SKEDSOFT

Data Mining & Data Warehousing

Introduction: The notion of social networks, where relationships between entities are represented as links in a graph, has attracted increasing attention in the past decades. Thus social network analysis, from a data mining perspective, is also called link analysis or link mining. From the point of view of data mining, a social network is a heterogeneous and multi-relational data set represented by a graph. The graph is typically very large, with nodes corresponding to objects and edges corresponding to links representing relationships or interactions between objects. Both nodes and links have attributes. Objects may have class labels. Links can be one-directional and are not required to be binary.

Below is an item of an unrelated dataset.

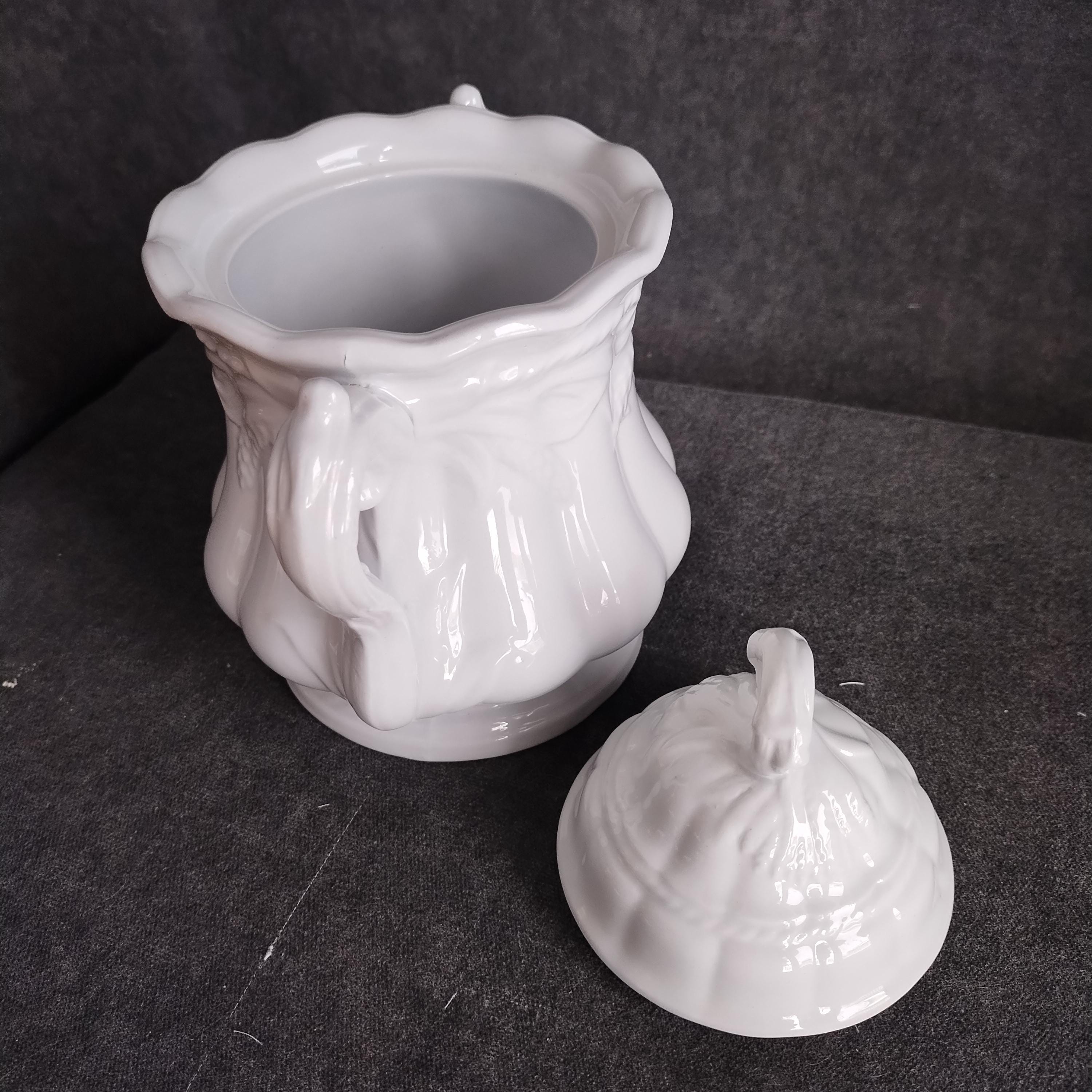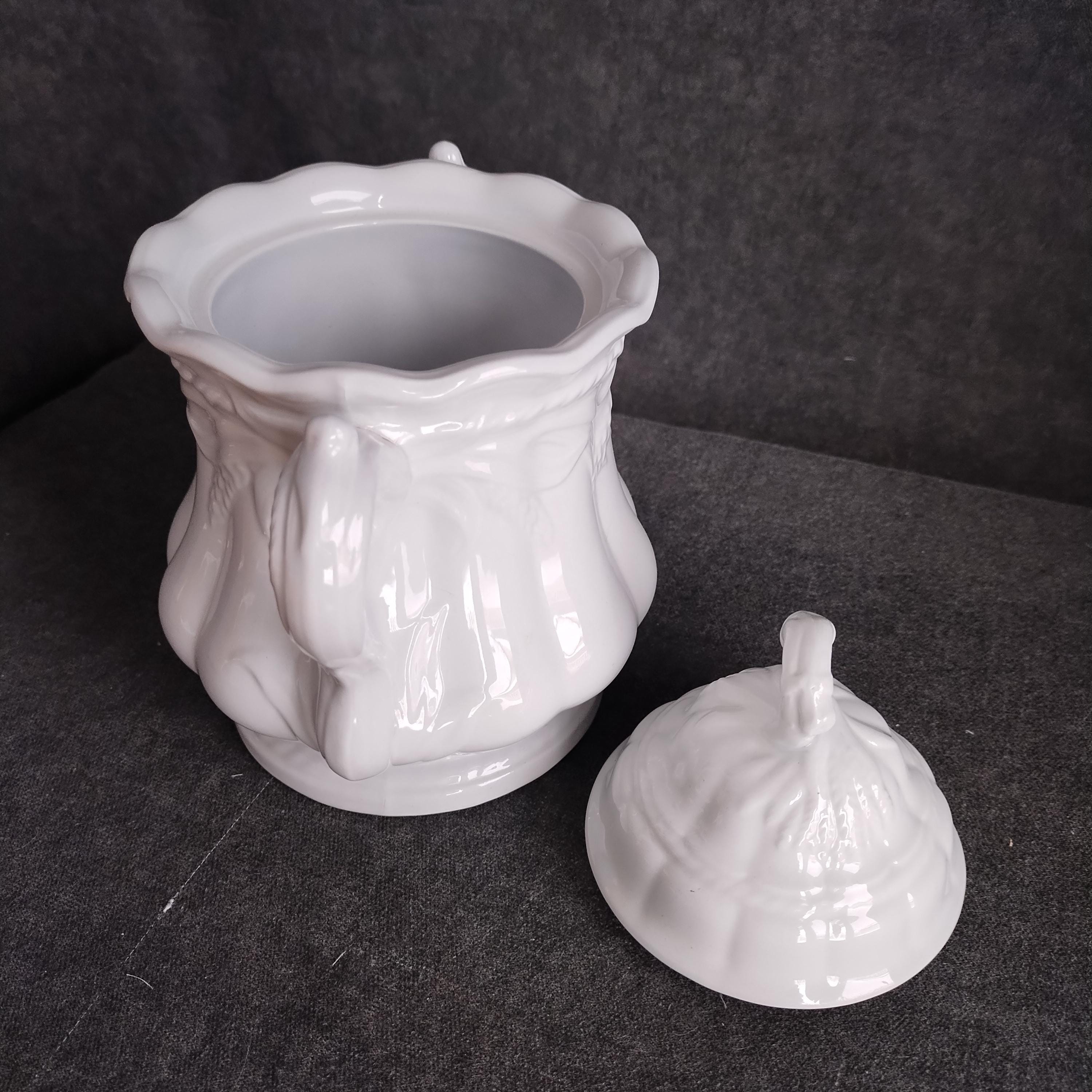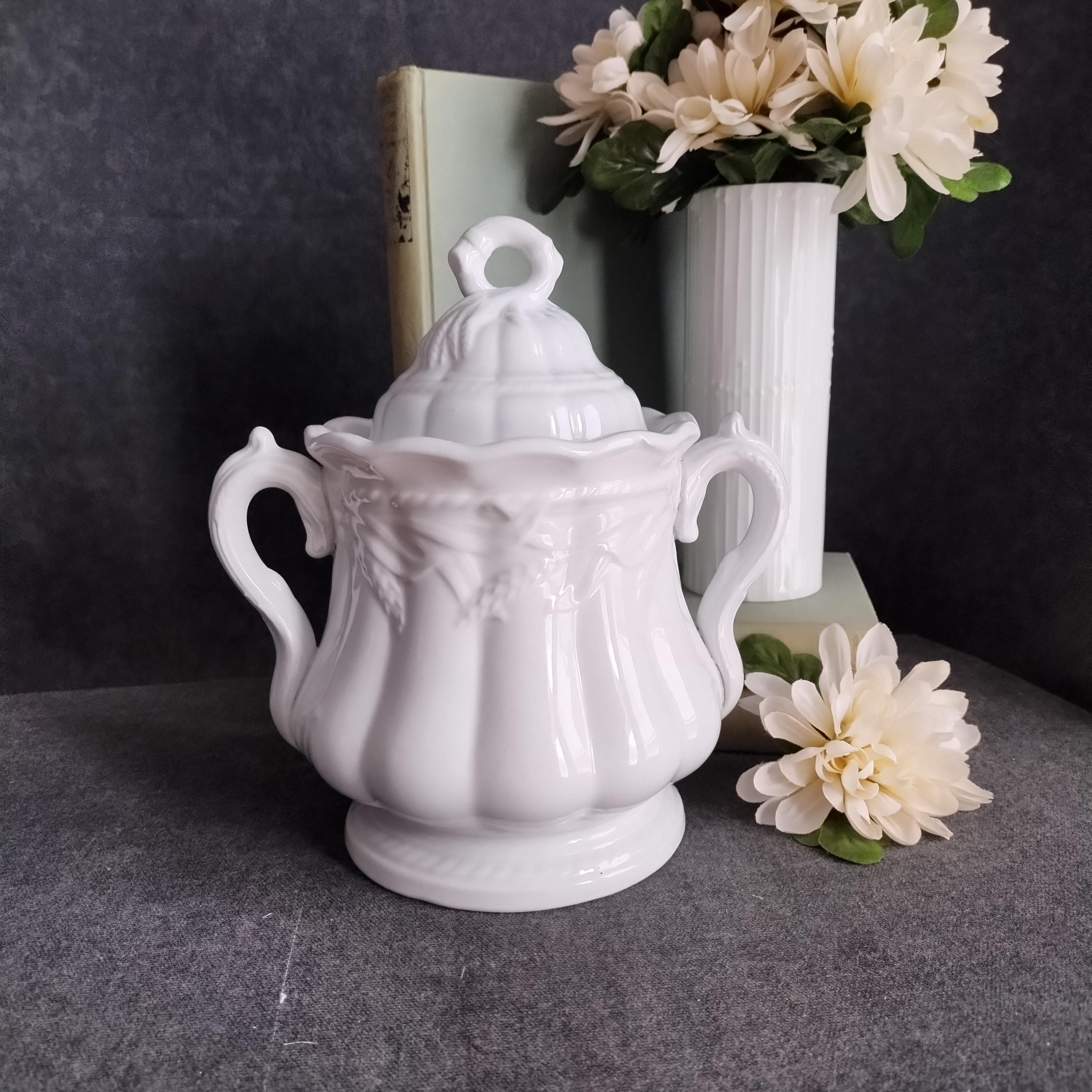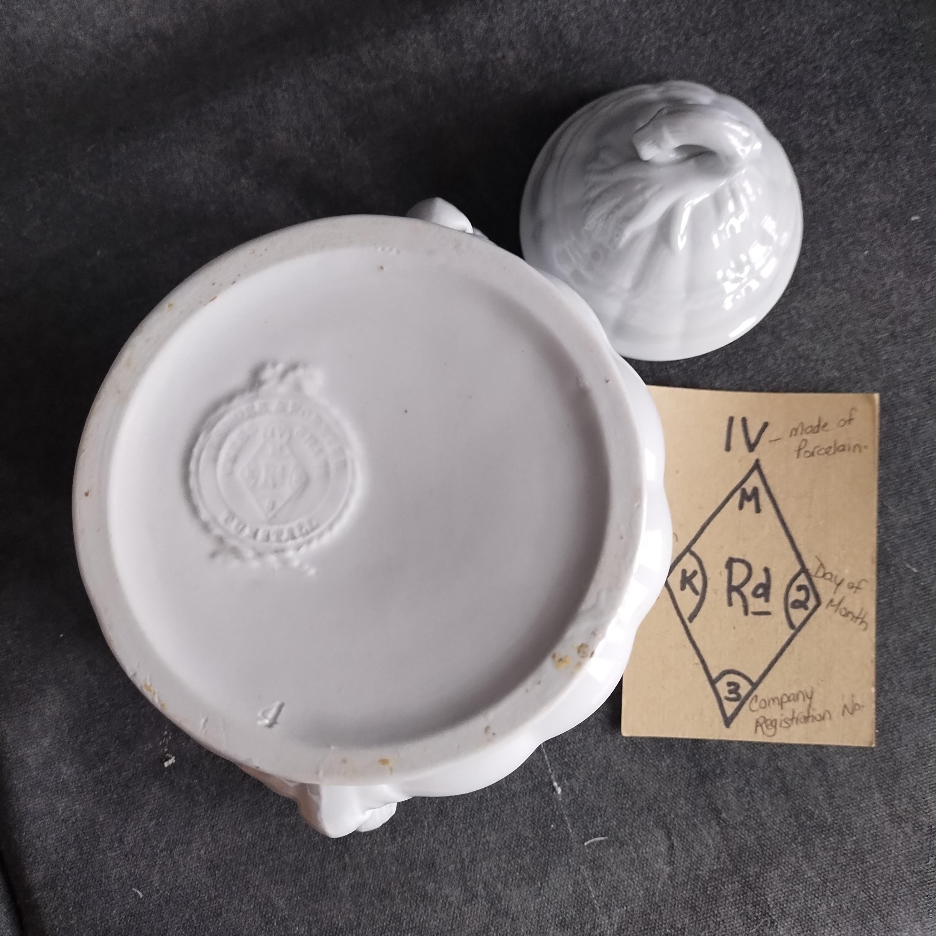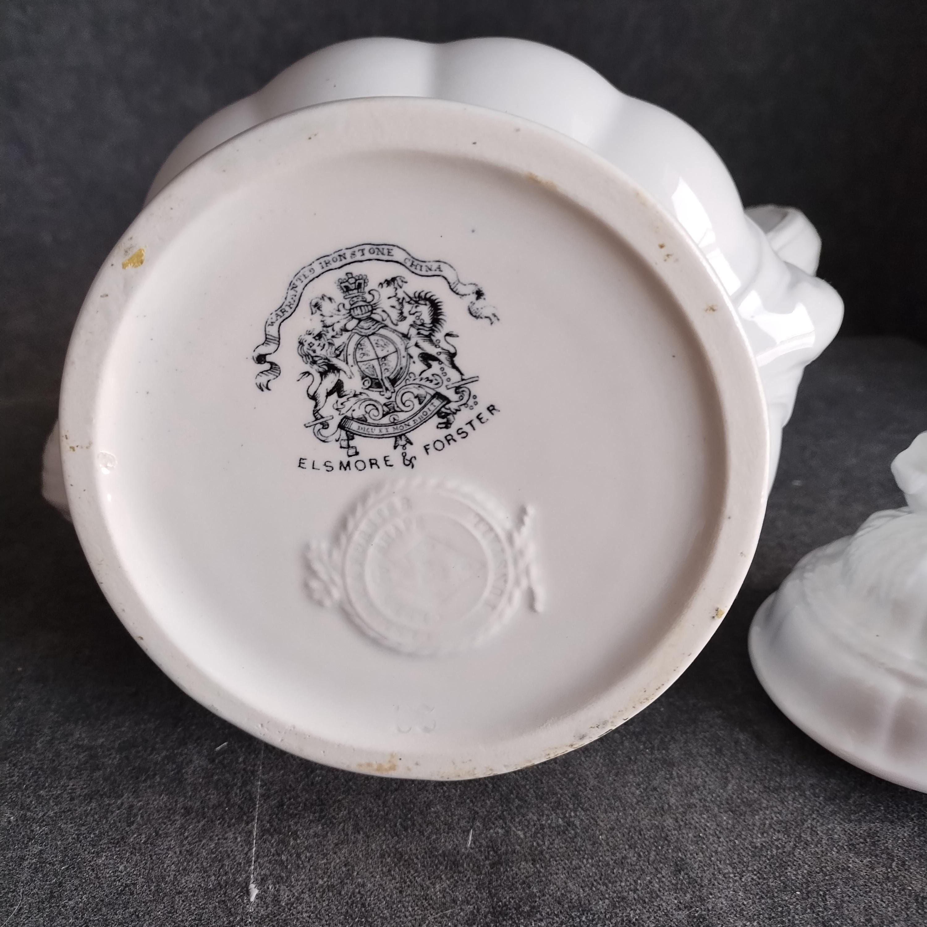 Fabulous antique ironstone porcelain manufactured by Elsmore & Foster. This wheat pattern was registered on November 2, 1859. The diamond mark was used in England from 1842 to 1883 and these pieces were produced between 1859 and 1867. Minor imperfections are common as this typy of pottery was intended for everyday utilitarian use. Clear glazed, grey white porcelain with wheat and leaf design, rope braid trim, open loop lids, and applied handles.

Social networks need not be social in context. There are many real-world instances of technological, business, economic, and biologic social networks. Examples include electrical power grids, telephone call graphs, the spread of computer viruses, the World Wide Web, and coauthor ship and citation networks of scientists. Customer networks and collaborative filtering problems (where product recommendations are made based on the preferences of other customers) are other examples. In biology, examples range from epidemiological networks, cellular and metabolic networks, and food webs, to the neural network of the nematode worm Caenorhabditis elegans (the only creature whose neural network has been completely mapped). The exchange of e-mail messages within corporations, newsgroups, chat rooms, friendships, sex webs (linking sexual partners), and the quintessential “old-boy” network (i.e., the overlapping boards of directors of the largest companies in the United States) are examples from sociology.

Small world (social) networks have received considerable attention as of late. They reflect the concept of “small worlds,” which originally focused on networks among individuals. The phrase captures the initial surprise between two strangers (“What a small world!”) when they realize that they are indirectly linked to one another through mutual acquaintances. In 1967, Harvard sociologist, Stanley Milgram, and his colleagues conducted experiments in which people in Kansas and Nebraska were asked to direct letters to strangers in Boston by forwarding them to friends who they thought might know the strangers in Boston. Half of the letters were successfully delivered through no more than five intermediaries. Additional studies by Milgram and others, conducted between other cities, have shown that there appears to be a universal “six degrees of separation” between any two individuals in the world. Examples of small world networks are shown in Figure 9.16. Small world networks have been characterized as having a high degree of local clustering for a small fraction of the nodes (i.e., these nodes are interconnected with one another), which at the same time are no more than a few degrees of separation from the remaining nodes. It is believed that many social, physical, human-designed, and biological networks exhibit such small world characteristics. These characteristics are further described and modeled in Section 9.2.2.

The reason is that structure always affects function. For example, the topology of social networks affects the spread of infectious disease through a structured population. The topology of a power grid affects the stability and robustness of its power transmission. For instance, a power failure in Cleveland, Ohio, on August 14, 2003, triggered, through an interconnecting grid system, the shutting down of nuclear power plants in New York state and Ohio, and led to widespread power blackouts in many parts of the Northeastern United States and Southeastern Canada, which affected approximately 50 million people. The interest in networks is part of broader research in the accurate and complete description of complex systems. Previously, the networks available for experimental study were small and few, with very little information available regarding individual nodes. Thanks to the Internet, huge amounts of data on very large social networks are now available.

These typically contain from tens of thousands to millions of nodes. Often, a great deal of information is available at the level of individual nodes. The availability of powerful computers has made it possible to probe the structure of networks. Searching social networks can help us better understand how we can reach other people. In addition, research on small worlds, with their relatively small separation between nodes, can help us design networks that facilitate the efficient transmission of information or other resources without having to overload the network with too many redundant connections. For example, it may help us design smarter search agents on the Web, which can find relevant websites in response to a query, all within the smallest number of degrees of separation from the initial website (which is, typically, a search engine).